Abstract
Al2O3 films have long been widely used as inorganic encapsulation or passivation layers. The Al2O3 single layer, however, exhibits not only a relatively low barrier performance but also poor environmental stability under harsh conditions due to its hydrolysis reaction with water vapor. Thus, to further improve its environmental reliability and barrier performance as a gas diffusion barrier (GDB), the GDB should be newly designed by forming a nanolaminate structure with ultra-thin sublayers. In addition, through the use of a multilayer based on nanolaminate/organic layers, the nanolaminate film can be effectively protected by a SiO2-inserted organic layer. In this study, alternately stacked nanolaminate/silane-based organic layers are proposed. The nanolaminate-based multilayer achieved a water vapor transmission rate (WVTR) of 5.94 × 10−5 g/m2/day under 60°C/90% accelerated conditions. In addition, after a bending test, the nanolaminate-based multilayer showed a WVTR increase by a magnitude of one order under a 0.63% bending strain. The proposed environmentally and mechanically stable hybrid thin-film encapsulation offers a strong potential for the realization of washable, wearable, or flexible displays in the future.
1. Introduction
Transparent flexible organic light-emitting diodes (TFOLEDs) are currently considered a next-generation display that will not only revolutionize the current display industry but will also create various free-form displays.

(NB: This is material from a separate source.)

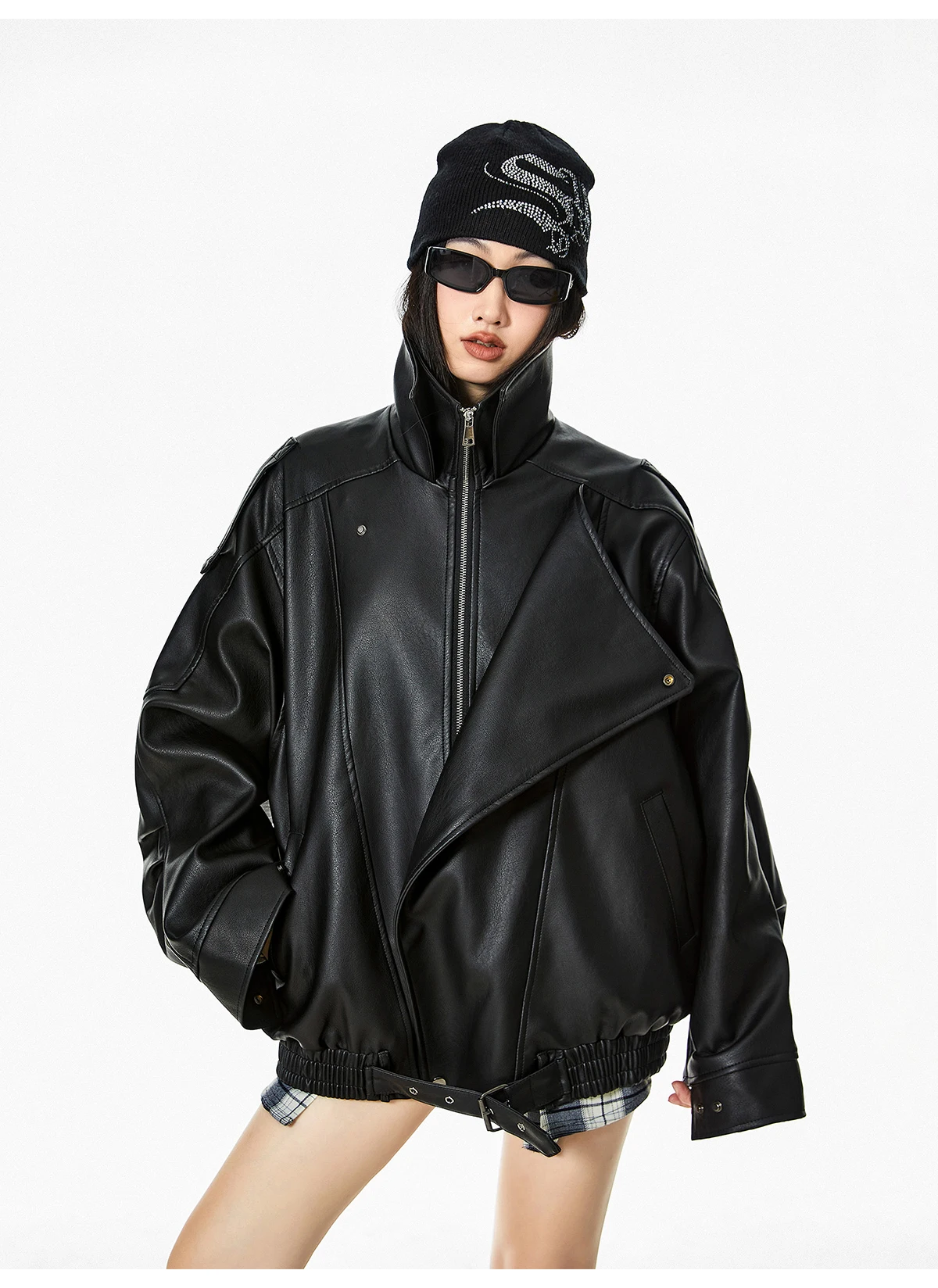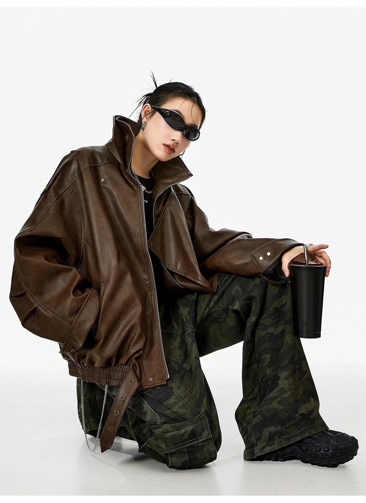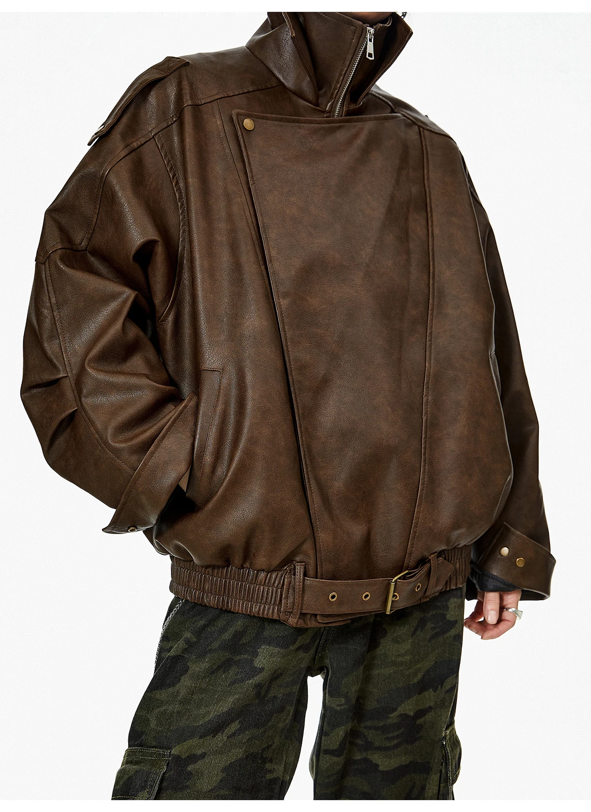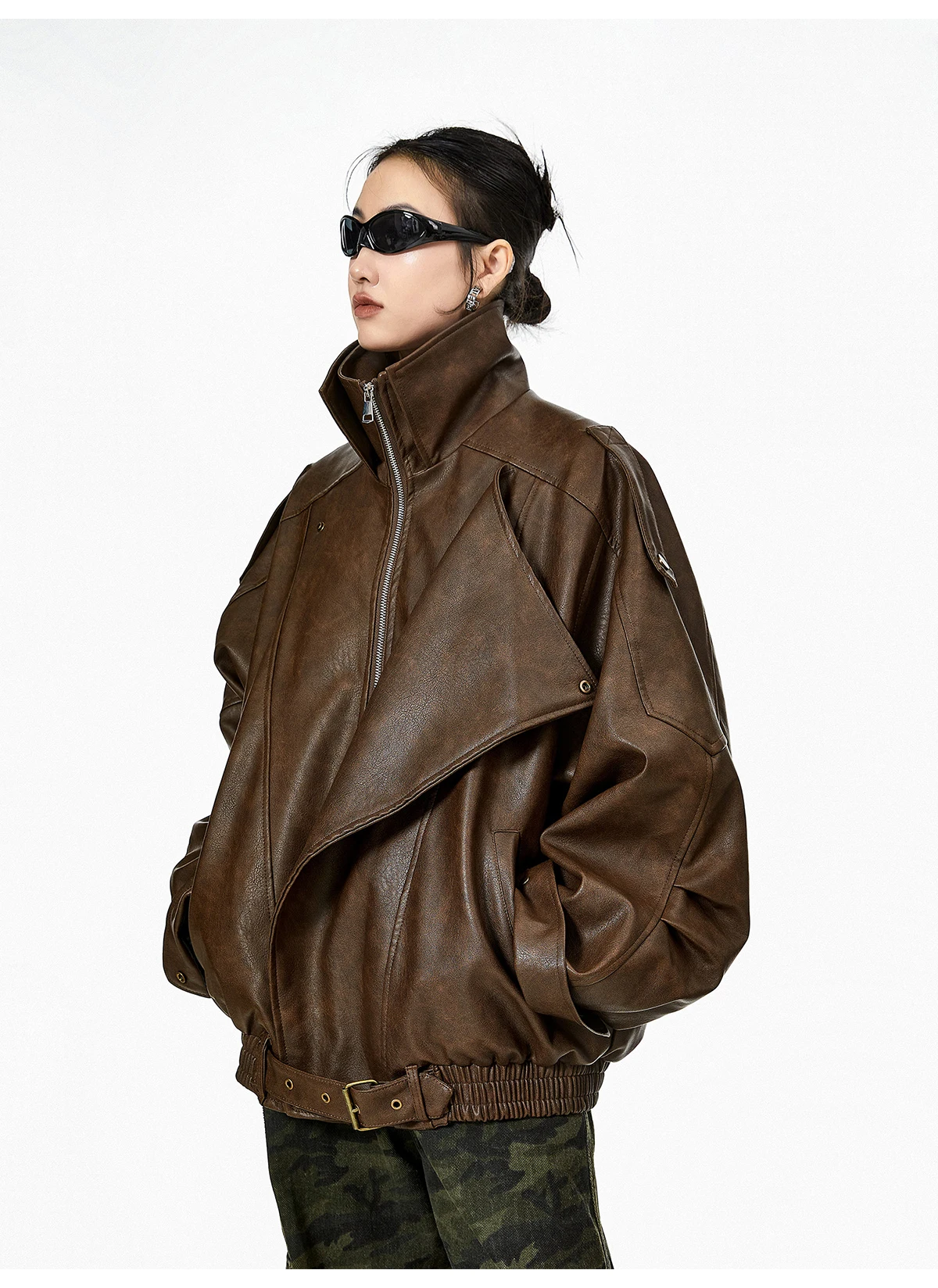 Giacca in pelle da donna Cappotto marrone retrò americano Autunno Inverno Nuova moda Versatile tinta unita Allentato Semplice design irregolare 1Giacca in pelle da donna Cappotto marrone retrò americano Autunno Inverno Nuova moda Versatile tinta unita Allentato Semplice design irregolare

A thin-film encapsulation (TFE) process should be applied above and below OLEDs to protect devices on flexible substrates composed of highly reactive organic and metal films from exposure to the factors in the external environment, such as ultraviolet (UV) light, dust, moisture, and oxygen [Citation1–3]. In general, the barrier requirements for encapsulation are less than 10−6 g/m2/day water vapor transmission rate (WVTR) and a 10−3 cc/m2/day oxygen transmission rate to reach a minimum OLED lifetime of 10,000 h [Citation4]. One of the major difficulties in the realization of TFOLEDs, however, has been the absence of impermeable and flexible TFE [Citation5,Citation6]. Therefore, for application as a TFE for TFOLEDs, beyond the conventional rigid glass encapsulation, flexible encapsulation consisting of flexible thin films is required.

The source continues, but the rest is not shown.